Records for the exercise:

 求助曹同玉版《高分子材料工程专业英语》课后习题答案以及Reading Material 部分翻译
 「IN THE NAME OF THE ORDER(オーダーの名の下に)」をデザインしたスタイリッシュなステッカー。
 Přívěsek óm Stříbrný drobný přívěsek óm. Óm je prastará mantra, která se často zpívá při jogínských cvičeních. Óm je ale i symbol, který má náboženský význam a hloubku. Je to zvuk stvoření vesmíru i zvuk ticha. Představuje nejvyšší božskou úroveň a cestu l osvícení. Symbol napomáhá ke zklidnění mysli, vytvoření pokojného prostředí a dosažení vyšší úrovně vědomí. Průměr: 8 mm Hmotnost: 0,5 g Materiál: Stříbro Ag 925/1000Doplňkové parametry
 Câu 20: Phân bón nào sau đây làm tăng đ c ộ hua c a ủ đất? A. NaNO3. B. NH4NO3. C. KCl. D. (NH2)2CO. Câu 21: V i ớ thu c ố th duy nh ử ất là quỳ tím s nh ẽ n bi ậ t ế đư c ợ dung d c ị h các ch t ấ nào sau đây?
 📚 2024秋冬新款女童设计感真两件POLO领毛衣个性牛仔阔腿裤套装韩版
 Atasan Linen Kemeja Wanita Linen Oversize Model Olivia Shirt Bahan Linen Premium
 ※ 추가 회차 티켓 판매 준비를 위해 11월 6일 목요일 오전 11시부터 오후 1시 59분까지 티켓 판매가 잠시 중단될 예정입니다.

==

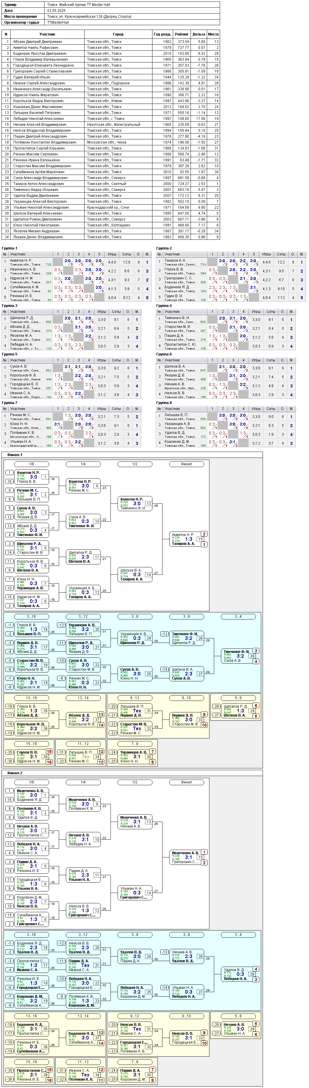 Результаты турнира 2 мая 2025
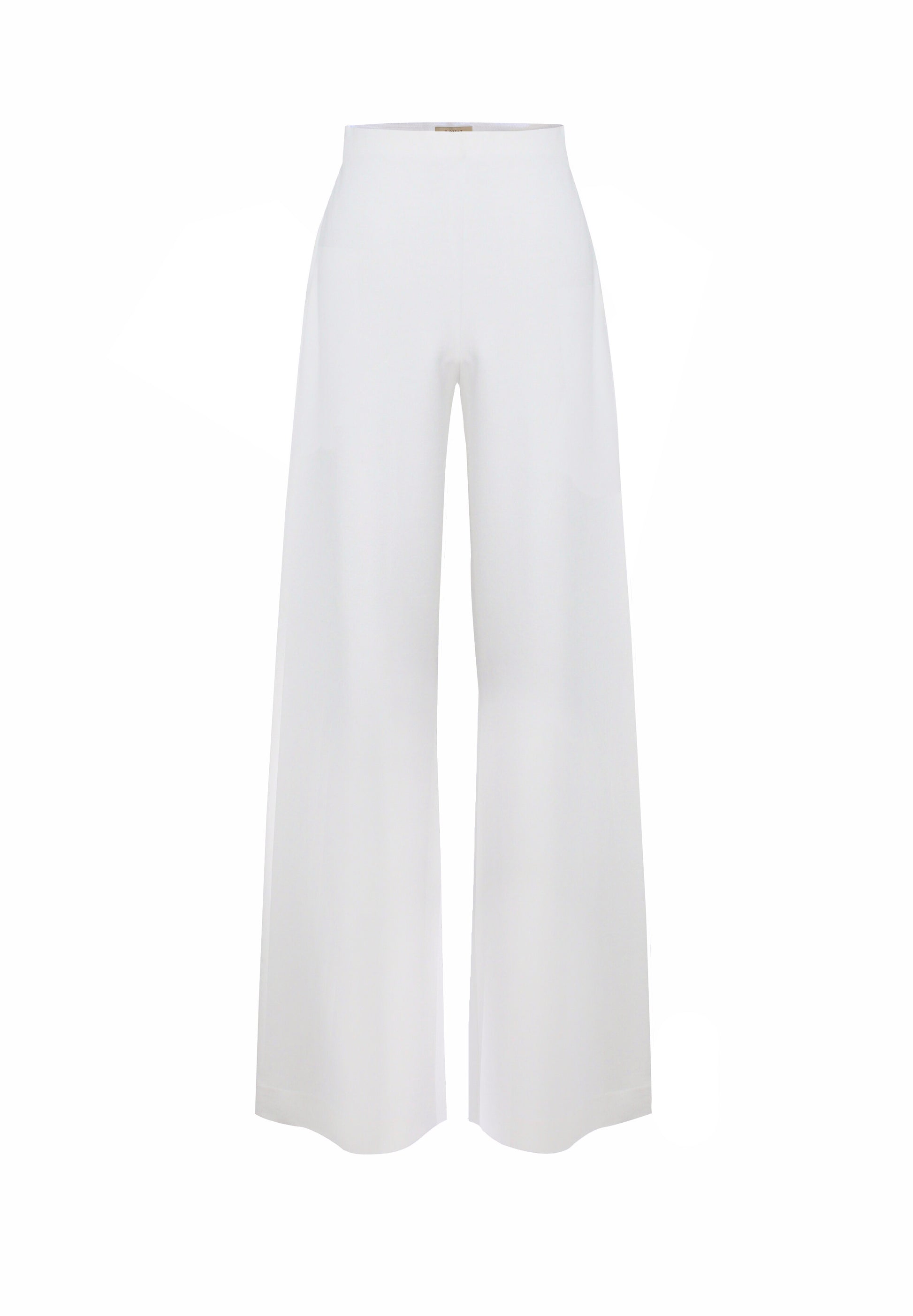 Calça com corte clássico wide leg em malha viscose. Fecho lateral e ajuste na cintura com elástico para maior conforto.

Exercise:
Reproducing the whole listing above is not the task. Copy exactly only the lines from the one with "Přívěsek óm Stříbrný" to the one with "잠시 중단될 예정입니다.", both kept.

Answer to the problem:
 Přívěsek óm Stříbrný drobný přívěsek óm. Óm je prastará mantra, která se často zpívá při jogínských cvičeních. Óm je ale i symbol, který má náboženský význam a hloubku. Je to zvuk stvoření vesmíru i zvuk ticha. Představuje nejvyšší božskou úroveň a cestu l osvícení. Symbol napomáhá ke zklidnění mysli, vytvoření pokojného prostředí a dosažení vyšší úrovně vědomí. Průměr: 8 mm Hmotnost: 0,5 g Materiál: Stříbro Ag 925/1000Doplňkové parametry
 Câu 20: Phân bón nào sau đây làm tăng đ c ộ hua c a ủ đất? A. NaNO3. B. NH4NO3. C. KCl. D. (NH2)2CO. Câu 21: V i ớ thu c ố th duy nh ử ất là quỳ tím s nh ẽ n bi ậ t ế đư c ợ dung d c ị h các ch t ấ nào sau đây?
 📚 2024秋冬新款女童设计感真两件POLO领毛衣个性牛仔阔腿裤套装韩版
 Atasan Linen Kemeja Wanita Linen Oversize Model Olivia Shirt Bahan Linen Premium
 ※ 추가 회차 티켓 판매 준비를 위해 11월 6일 목요일 오전 11시부터 오후 1시 59분까지 티켓 판매가 잠시 중단될 예정입니다.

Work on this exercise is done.